Inclusive democracy is incompatible with a heterogeneous society. It also seem a bit intellectually low-brow to believe a society that has only existed for about a generation is the “end of history” (ie. Fukuyama’s idea that we’ve arrived at the correct political order). Very presumptuous.

– Multiculturalism. Literal Multiculturalism would mean the preservation of cultures, not their destruction and ridicule. What’s worse, is that its advocates don’t promote a uniform destruction, but have narrowly aimed their ideology at Western Civilization.

Everything that’s European, Christian, Male, or Hetersexual gets smashed with the twin hammers of “privilege” and “tolerate-everything-else.” Everything that’s African, Hispanic, Muslim, Female, and Homosexual is surrounded by a wall of political correctness so severe that you can’t even criticize mass, organized rapes in the center of what used to be civilization.

So no. Radical Islam is not an opponent of the multi-cult. It’s the weapon of the multi-cult.

I love other cultures. I’ve traveled as a tourist to Israel, Jordan, Latin America, East Africa, South East Asia, and plan to do so again.

I don’t want any culture destroyed, but because I include European cultures in that statement, I open myself to accusations of racism.

The Paradox of Declining Female Happiness

Is this Black comedy?

They couch the precipitous decline of women’s happiness in feminist language — a “gender gap in happiness” — as if more poison would make things better.

—“By many objective measures the lives of women in the United States have improved over the past 35 years, yet we show that measures of subjective well-being indicate that women’s happiness has declined both absolutely and relative to men. The paradox of women’s declining relative well-being is found across various datasets, measures of subjective well-being, and is pervasive across demographic groups and industrialized countries. Relative declines in female happiness have eroded a gender gap in happiness in which women in the 1970s typically reported higher subjective well-being than did men. These declines have continued and a new gender gap is emerging — one with higher subjective well-being for men. “—

www.nber.org/papers/w14969

A veteran’s moral outrage at bellicose politicians

I think it’s difficult for us to admit that people willing to conduct violence in exchange for money and status are plentiful. So while I applaud the appeal to moral outrage on behalf of the trigger pullers, it alone isn’t enough.

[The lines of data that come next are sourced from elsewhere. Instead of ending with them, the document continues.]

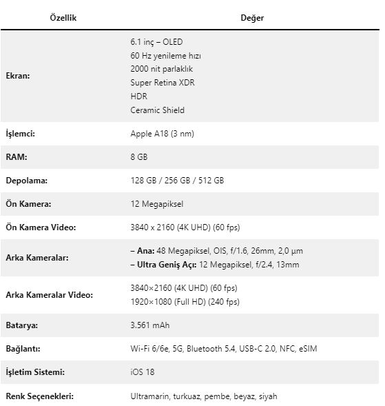 iPhone 16 tüm özellikleri:
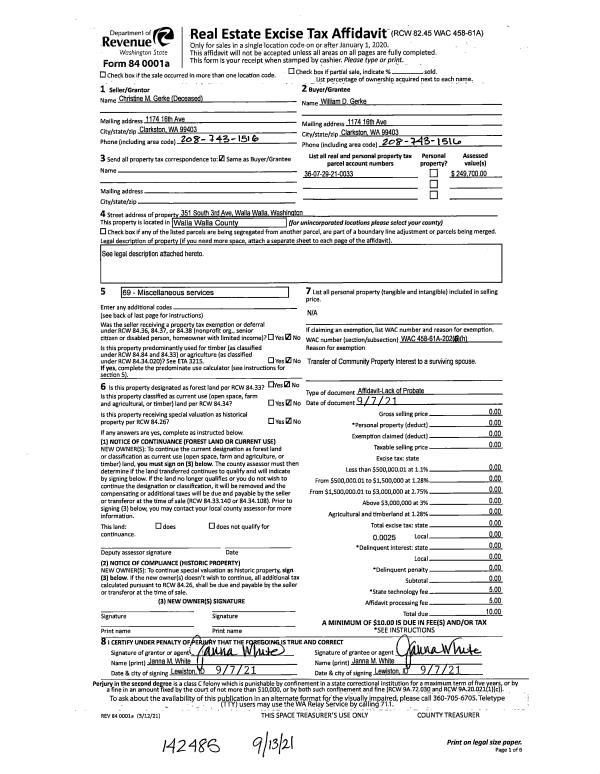 | 2 | 10/07/2021 | LOPA | LACK OF PROBATE AFFIDAVIT | GERKE WILLIAM D & CHRISTINE M | GERKE WILLIAM | | | $0.00 | 142485 | 2021-12214 |
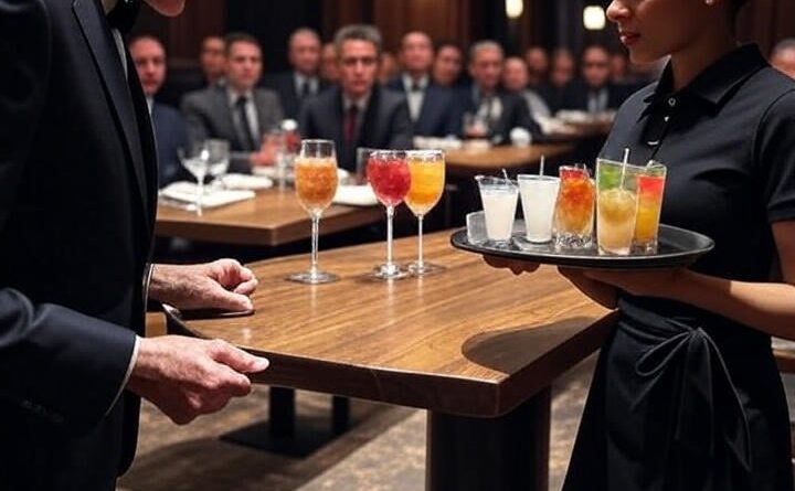 Амара подошла к их столику с подносом коктейлей. Она держала его уверенно, как всегда, скрывая усталость за маской спокойствия. Но в тот момент, когда она ставила бокал перед одним из гостей, сосед случайно толкнул стол локтем.
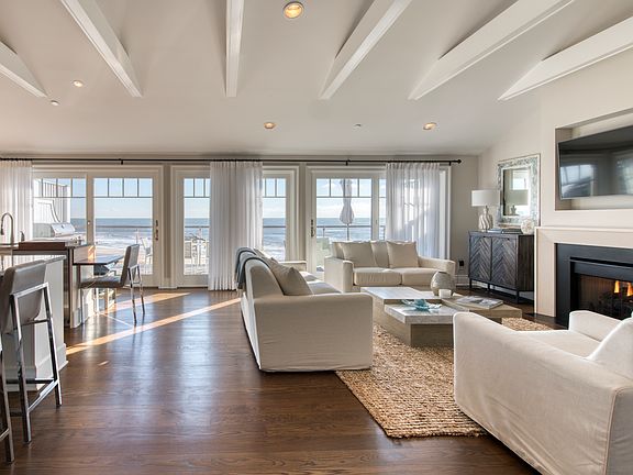 sq. ft., indoors and outdoors, presenting direct and unobstructed ocean views from every room. Enter to open, airy, light-filled living areas, with vaulted ceilings and a wall of floor to ceiling glass doors and windows showcasing dramatic panoramas of sea and sky and flowing out to an oceanfront terrace. Ideal for entertaining, the living area with fireplace, media and comfortable seating flows seamlessly to the well-equipped eat-in kitchen providing counter seating and high end stainless steel appliances. A formal dining area is immediately adjacent. The spacious first floor master suite has glass doors to a terrace, and features a walk-in closet and luxurious bath. A second bedroom suite, also with glass doors to the terrace, and a laundry room complete this level. Two more en-suite bedrooms with glass doors to a patio with a hot tub are located on the lower level. A private beach cabana and access to Gurney's fine dining venues and the Seawater Spa make this an amazing beach get-away.

At my alma mater, Stanford, a curriculum which used to address questions like “what is justice” in its Western Civilization requirement was put on the chopping block in the name of a broader and much shallower curriculum full of cultural relativism.

But at the same time, exposing the cowardice and hypocrisy of politicians is ALWAYS a good idea.

www.cbsnews.com/news/the-vast-divide-between-america-and-its-military/

When Communists Realize they are Not the Majority

“In most communist movements, there comes a moment when they realize that they are not the majority. Post WWII France and the Bolshevik election failures come to mind.

Something similar keeps happening in America which is why American communists re-brand so often.”

I’m thinking of how BLM and anti-Trump antics have only increased his popularity.